Пока я шагал по асфальтовой дорожке к седьмому сектору, я привел в порядок не только верхнюю одежду. Я немного разобрался и со своими мыслями. Надо же, а я и не знал, что фамилия Кудрявого — Байстрюков. И вот этот Кудрявый, то есть Байстрюков, на днях скончался...
Что ж, с этим я разобрался. Оставалась одна маленькая загадка — какого черта меня пригласили на похороны человека, с которым я виделся лишь один раз в жизни? Насколько я помню, я даже не представился тогда. Тем не менее, кому-то понадобилось выяснить мое имя, узнать мой адрес и пригласить сюда, на Прохоровское кладбище...
Кому это понадобилось?

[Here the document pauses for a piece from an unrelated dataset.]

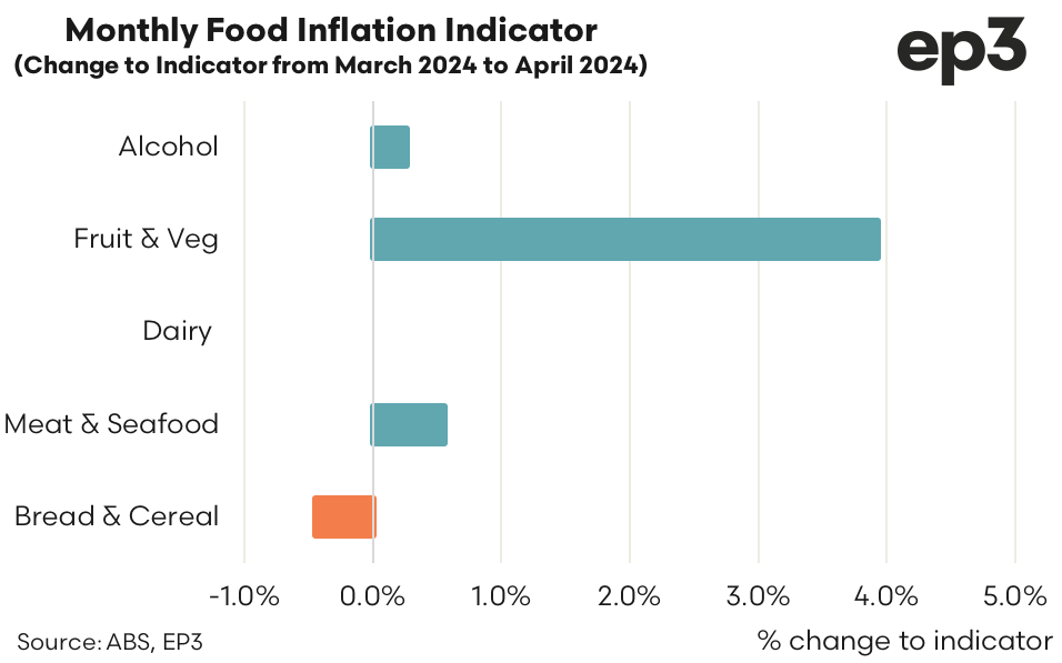 On a month to month basis the picture is a little different. Looking at price changes from March 2024 to April 2024 the data shows that Bread & Cereal prices are beginning to ease marginally, down by 0.4% over the month. The Dairy category is unchanged. Meanwhile, the Meat & Seafood category lifted by 0.6% and Alcohol is up by just 0.3%. Leading the monthly price gains is the Fruit & Vegetable sector with a rise of 3.9% over April.
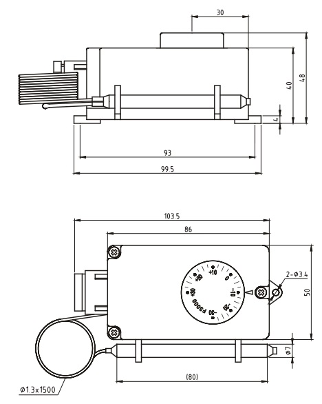 Термостат приспособлен для установки на стене или в воздуховоде в любом положении. Корпус крепится к плоскости с помощью крепежных винтов со стороны передней панели. Термобаллон помещается в среду с контроллируемой температурой. Термостат соединяется с термобаллоном капилляром длиной 1,5 м.

И зачем?
Я узнал это минуту спустя, когда подошел вплотную к седьмому сектору и увидел толпу человек в сто — сто пятьдесят, плотным полукольцом окружившую свежевырытую могилу. Рядом выстроился оркестр, и звуки скорбного марша разносились по всему кладбищу.
Все это я увидел и остановился, раздумывая, стоит ли оставаться здесь до конца или лучше выбраться обратно, ведь личность покойного не вызывала у меня особых симпатий... Честно говоря, никаких симпатий не вызывал у меня этот подонок.
Пока стоял и прикидывал, как мне покинуть место, куда я так долго прорывался, ко мне подошли два человека с черными повязками на рукавах и сказали, что мне нужно «кое-куда пройти».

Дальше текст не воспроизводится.